Industrial Linux administration

I manage a bunch of servers, more or less 1000 VMs, running either Debian (lenny,wheezy, jessie) or CentOS (5,6,7).
In order to handle this, I use CFEngine.
I mostly:

  • Create the VM
  • Add CFEngine repository (apt or yum)
  • Install CFEngine (via apt or yum)
  • Bootstrap  CFEngine


State of the nation

I performed the same steps for all VM I installed for the last 3 years.
The main problem I face is the fragmentation of the agents versions: some old installations are still with CFEngine 3.5.x and the latests are on 3.8. This is not a bearable situation: I need to align versions.

Methods and attempts

My attempts to upgrade CFEngine from CFEngine did not pass tests, mostly because promising version from within CFEngine will remove the package (the running process) and leave the system in an anormal state.
I tried several other ways to do it and specifically for the case of CFEngine package, I will manage it with a script that I'm going to launch outside CFEngine and will upgrade CFEngine (including restart the deamon) then bootstrap from the hub and we're done.

The CFEngine APT & Yum repository

CFEngine is very kind to provide a repository for their APT or Yum packages.

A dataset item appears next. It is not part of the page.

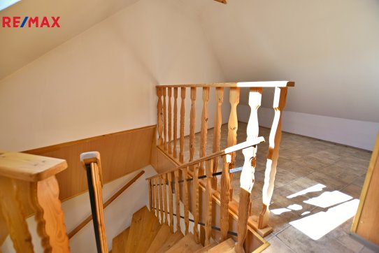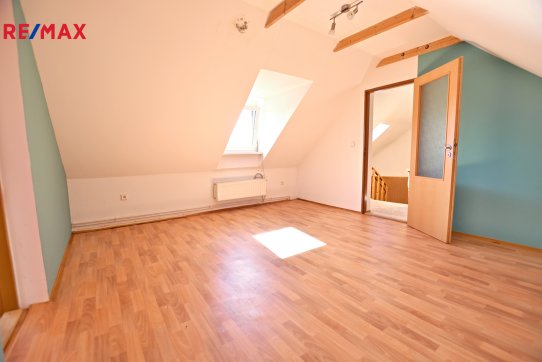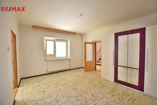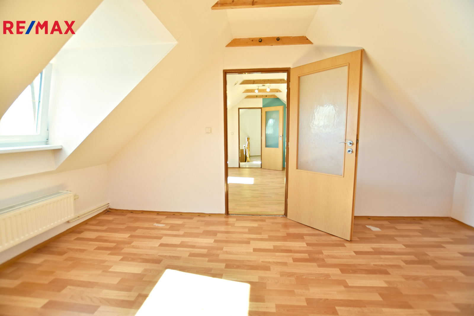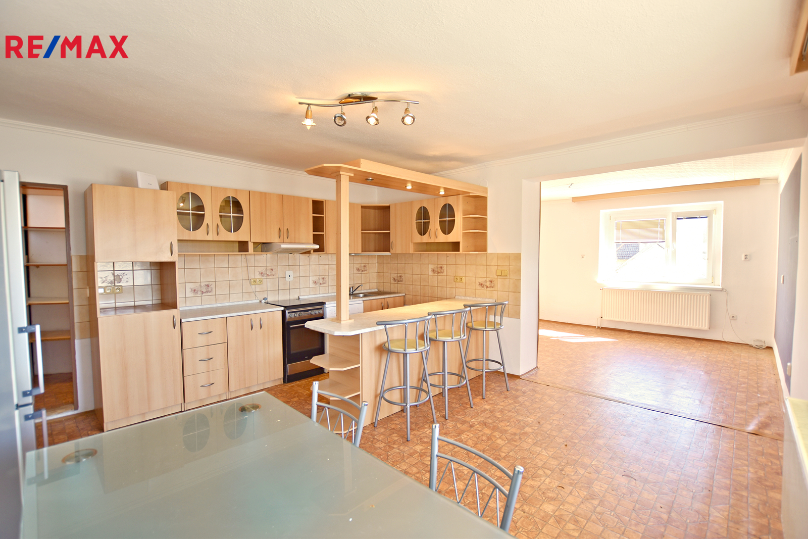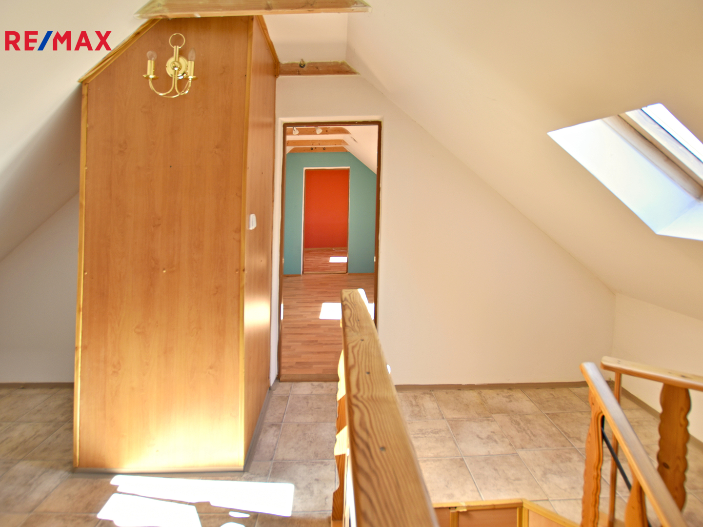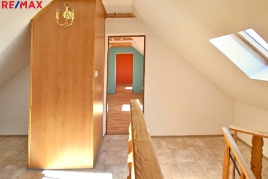 Rodinný dům s dispozicí 5 + kk prošel v minulosti zásadní rekonstrukcí se úpravou dispozic a vybudováním obytného podkroví. V přízemí domu se nachází zádveří s navazující centrální chodbou a vstupy do všech částí. Hlavní obytný prostor (38 m2) na tomto podlaží je tvořen obývacím pokojem s navazující kuchyňskou a jídelní částí. Dále jsou v přízemí 2 samostatné obytné pokoje (každý 20 m2), koupelna se sprchovým koutem, umyvadlem a místem na pračku a samostatné WC. V podkroví domu je prostorná podesta a další 2 pokoje (každý 17,5 m2). Dům je částečně podsklepený – ve sklepě je kotelna a technická místnost.

The problem is, if I'm going to massively upgrade my thousand of VMs, there is a small risk of disturbance. As far as I use Artifactory for the development activity, I decided to use its YUm & Apt component to be a cache of CFEngine repository.

How it looks like without Artifactory

Apt source list:

deb https://cfengine.com/pub/apt/packages stable main

Yum repo file

[cfenginerepository]
name=CFEngine
baseurl=http://cfengine.com/pub/yum/$basearch/
enabled=1
gpgcheck=1


Configure Artifactory to cache those


I need to be adminsitrator of the Artifactory instance. Then I got to the "Admin" section:

Then I go to the "remote" tab, as I want to provide something related to a remote repository:

Next I create a new repository and there I can choose wether I want to setup an Apt or a Yum one:
Finally I enter

  • What I want as local name for the repository
  • The URL of the root of the remote

Specifically for our case,

For the Apt repository:

  • Name: cfengine-debian
  • URL: https://cfengine.com/pub/apt/packages

For th Yum repository:

  • Name cfengine-centos
  • URL: http://cfengine.com/pub/yum/x86_64/

How to use this

Apt source list:
deb https://artifactory.rktmb.org/artifactory/cfengine-debian stable main

Yum repo file:
[cfenginerepository]
name=CFEngine
baseurl=https://artifactory.rktmb.org/artifactory/cfengine-centos/
enabled=1
gpgcheck=1

Note that the GPG check is enabled both on Debian and CentOS and as far as this repository is just a cache one, the needed key is the original CFEngine repository key: https://cfengine.com/pub/gpg.key

The local artifactory GPG key is useless in our case now.